### AIM OF THE EXERCISE
The line with "closeup indian engineer" marks the first line to copy, and the line with "Het is heerlijk" marks the last. Transcribe that stretch of the data below exactly, without pictures.

### MATERIALS PROVIDED
↓↓↓
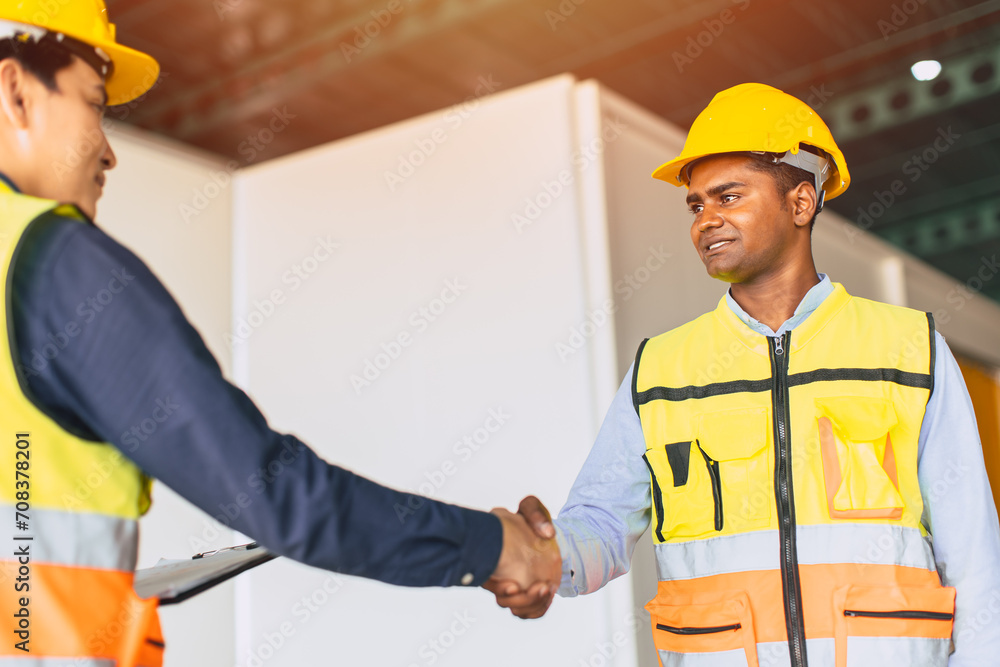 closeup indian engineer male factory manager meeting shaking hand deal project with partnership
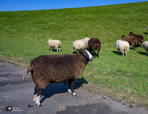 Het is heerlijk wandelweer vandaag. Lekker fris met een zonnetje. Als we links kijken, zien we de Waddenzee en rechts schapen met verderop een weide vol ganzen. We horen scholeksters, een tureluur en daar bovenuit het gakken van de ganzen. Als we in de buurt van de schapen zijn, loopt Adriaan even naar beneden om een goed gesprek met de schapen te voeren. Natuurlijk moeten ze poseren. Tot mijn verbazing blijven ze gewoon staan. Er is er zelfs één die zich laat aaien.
↑↑↑
↓↓↓
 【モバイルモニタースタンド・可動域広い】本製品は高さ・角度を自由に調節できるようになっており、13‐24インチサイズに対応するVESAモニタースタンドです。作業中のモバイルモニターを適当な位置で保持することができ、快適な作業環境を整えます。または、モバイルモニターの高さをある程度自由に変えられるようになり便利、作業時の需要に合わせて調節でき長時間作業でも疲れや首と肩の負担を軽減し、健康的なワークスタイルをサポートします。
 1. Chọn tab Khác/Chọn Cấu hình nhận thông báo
↑↑↑
### WRITTEN RESPONSE
 closeup indian engineer male factory manager meeting shaking hand deal project with partnership
 Het is heerlijk wandelweer vandaag. Lekker fris met een zonnetje. Als we links kijken, zien we de Waddenzee en rechts schapen met verderop een weide vol ganzen. We horen scholeksters, een tureluur en daar bovenuit het gakken van de ganzen. Als we in de buurt van de schapen zijn, loopt Adriaan even naar beneden om een goed gesprek met de schapen te voeren. Natuurlijk moeten ze poseren. Tot mijn verbazing blijven ze gewoon staan. Er is er zelfs één die zich laat aaien.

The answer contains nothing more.